Aren't kids frightened by these commercials?

The last couple of years there have been commercials with some rather fantastic looking zombies in them. The latest one was the Sprint zombie, which has kind of disappeared now that Halloween is upon us. Before that there was the long running Starburst zombie. Time Warner Cable also had one and there may be others out there.
These commercials air on programs kids definitely would be watching. Starburst is candy, so the commercial is even directed at them.

These are high quality zombies that could only be produced after four decades and millions of dollars of experimentation designed to scare the bejesus out of movie goers.

Anyone know of kids being freaked out by these super gory zombies?

I remember being scared by a commercial with a puppet when I was a kid. And it wasn’t even a ventriloquist type wooden dummy, it was more the Shari Lewis kind, except creepier for some reason.

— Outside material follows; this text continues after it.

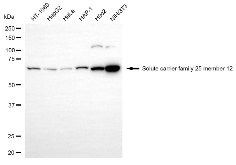 Western blotting analysis using solute carrier family 25 member 12 antibody. Total cell lysates (30 μg) from various cell lines were loaded and separated by SDS-PAGE. The blot was incubated with solute carrier family 25 member 12 antibody and HRP-conjugated goat anti-rabbit secondary antibody respectively.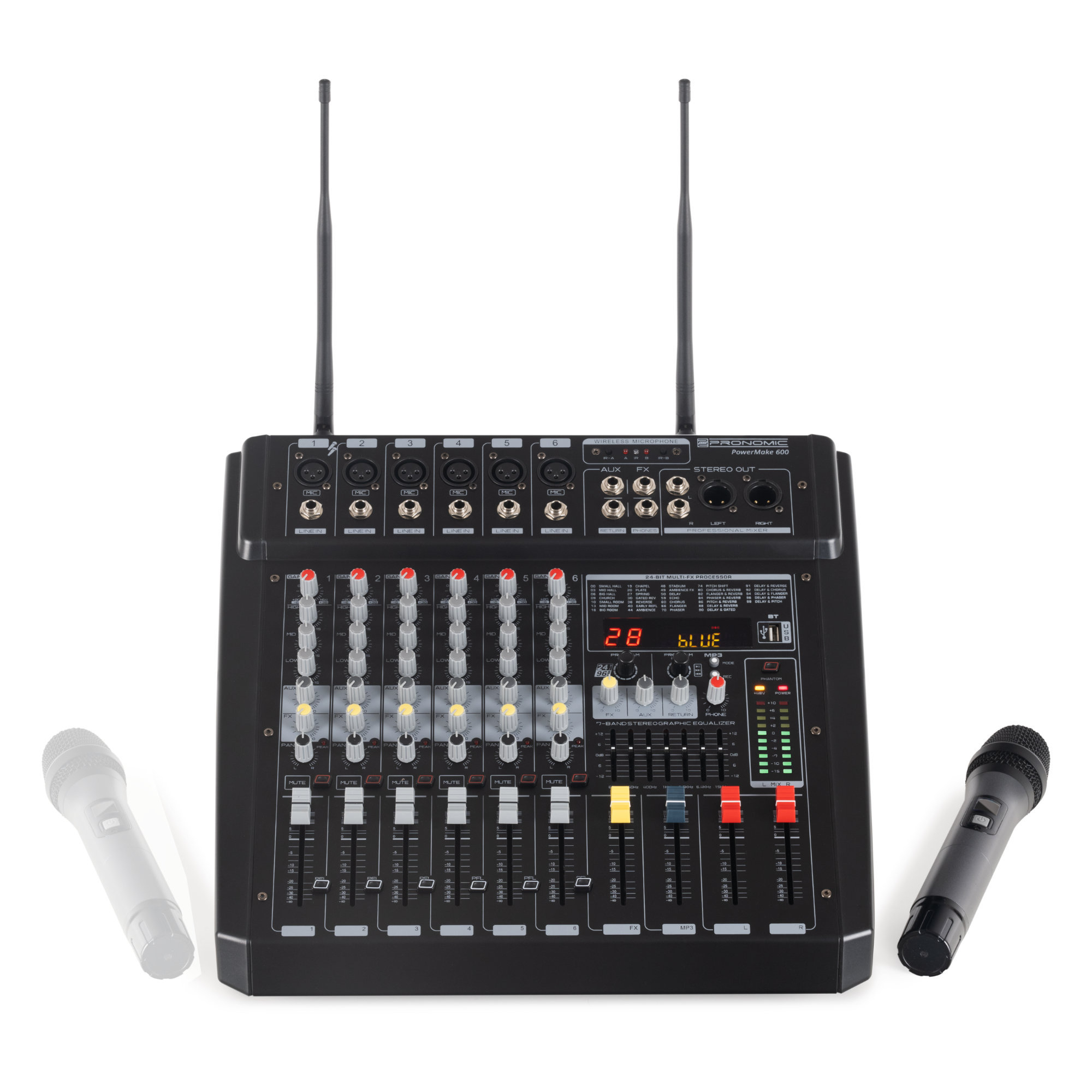 Insgesamt 100 digitale Effekte stehen zur Verfügung, um für den perfekten Klang zu sorgen. Jeweils einer davon kann ausgewählt und jedem Kanal individuell hinzugemischt werden. Für die Anpassung an die Raumakustik steht ein übersichtlicher, grafischer Equalizer zur Verfügung.

I roll my eyes most of the time when people talk about how a movie, show, commercial, or whatever, is going to scare children (Roger Ebert did this a lot), and this isn’t an exception.

There are some kids who’ll be scared by anything (when I was younger my sister had friends over, a pair of sisters, who were too afraid to watch Home Alone of all things, and we tuned in during the part where the robbers were falling into the goofy traps), but oh fucking well, really.

Link to the commercial in question.

Then be sure to remember this thread if you are passing out candy tomorrow night. Rolling your eyes back is a easy way to freak people out.

Frighten children? Aren’t kids the ones who are driving the oversaturation of zombies in pop culture nowadays?

That being said, I am certain some children are frightened by zombies in commercials. Also by giant bugs in commercials, cereals that eat each other, rodents driving cars, Dennis Halbert’s voice coming from other people, the occasional Skittles ad, and any number of seemingly innocuous things.

My daughter used to freak out at commercials with talking sandwiches. Zombies? No problem.

Those pizza head commercials for Pizza Hut in the 90s used to do that to me, too. Zombies and monsters, though? NBD

Is anyone else concerned by the Asian man with the amazingly full beard (and Scottish accent and bagpipes)?

Find Scottish Asians frightening?

Just imagine one of them trying to drive.